*Problem statement:*
Write the listing out again word for word, excluding any pictures.

Data section Block Start

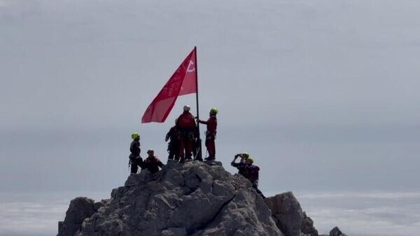 Крымские спасатели водрузили Знамя Победы на вершине Ай-Петри
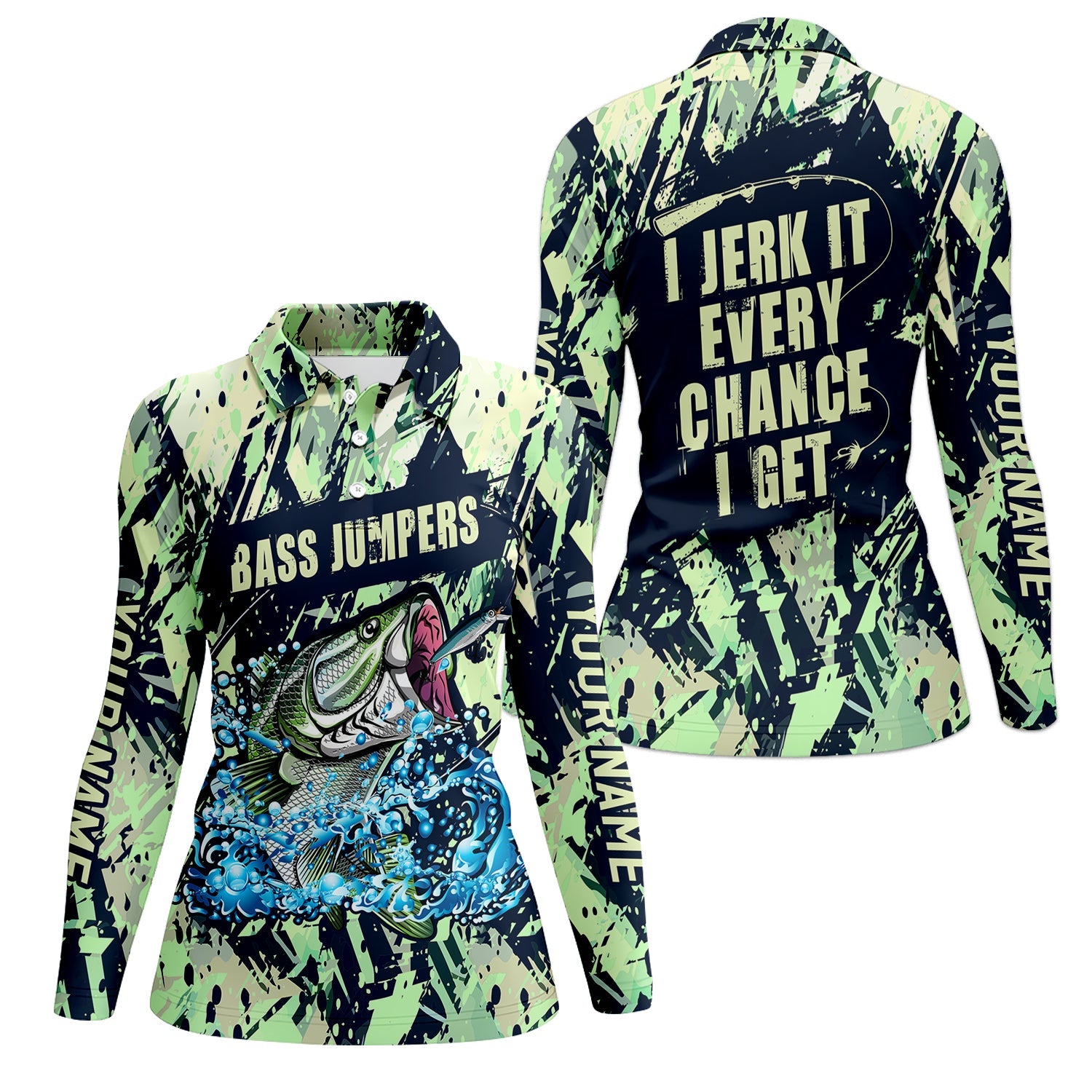 Bass Jumpers Fishing Shirts, I Jerk It Every Chance I Get, SPF Long Sleeve Shirts Womens, Female Fishing Shirts
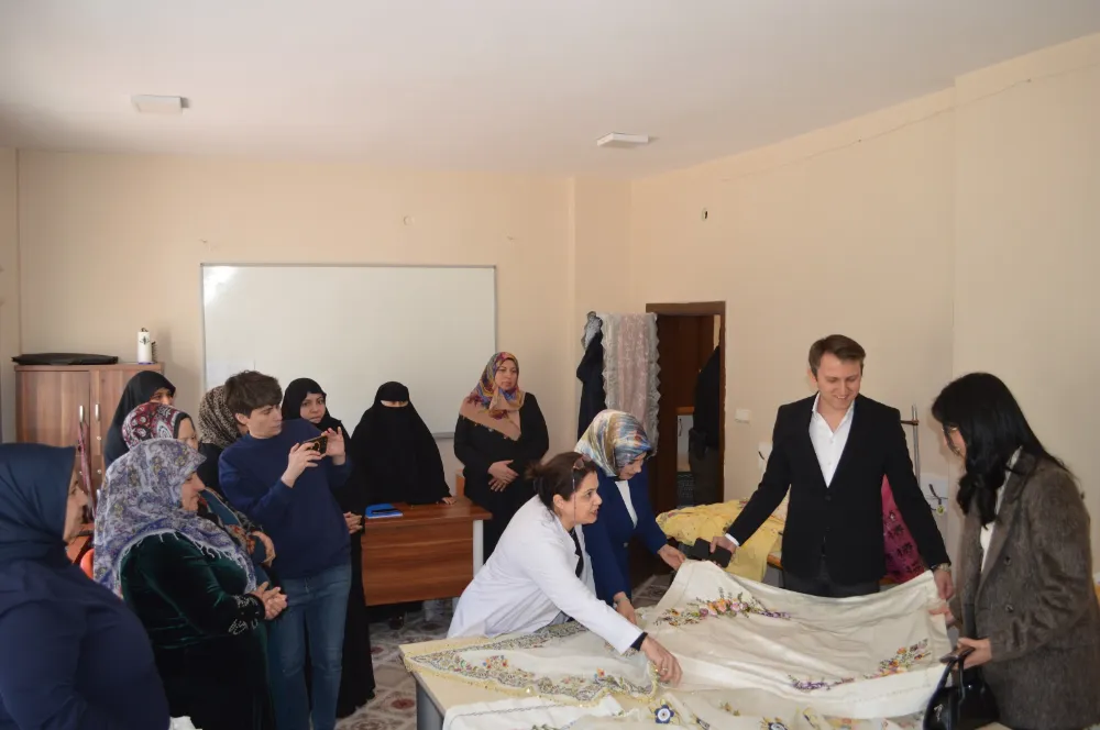 Aile Destek Merkezinde, Kilim, nakış,Tel kırma, Kuaför, dikiş kursu, el sanatları kursu, triko kursu, kuaför kursunu ve diğer geleneksel el sanatları kurslarını ziyaret eden Kaymakam Özcan, kurslara katılan kadınların, mesleki eğitimin ardından ilgili kurumların verdiği hibe ve kredilerle, kendi iş yerini açabilme imkanı bulduğunu ifade etti.

Data section Block End

*Answer section:*
 Крымские спасатели водрузили Знамя Победы на вершине Ай-Петри
 Bass Jumpers Fishing Shirts, I Jerk It Every Chance I Get, SPF Long Sleeve Shirts Womens, Female Fishing Shirts
 Aile Destek Merkezinde, Kilim, nakış,Tel kırma, Kuaför, dikiş kursu, el sanatları kursu, triko kursu, kuaför kursunu ve diğer geleneksel el sanatları kurslarını ziyaret eden Kaymakam Özcan, kurslara katılan kadınların, mesleki eğitimin ardından ilgili kurumların verdiği hibe ve kredilerle, kendi iş yerini açabilme imkanı bulduğunu ifade etti.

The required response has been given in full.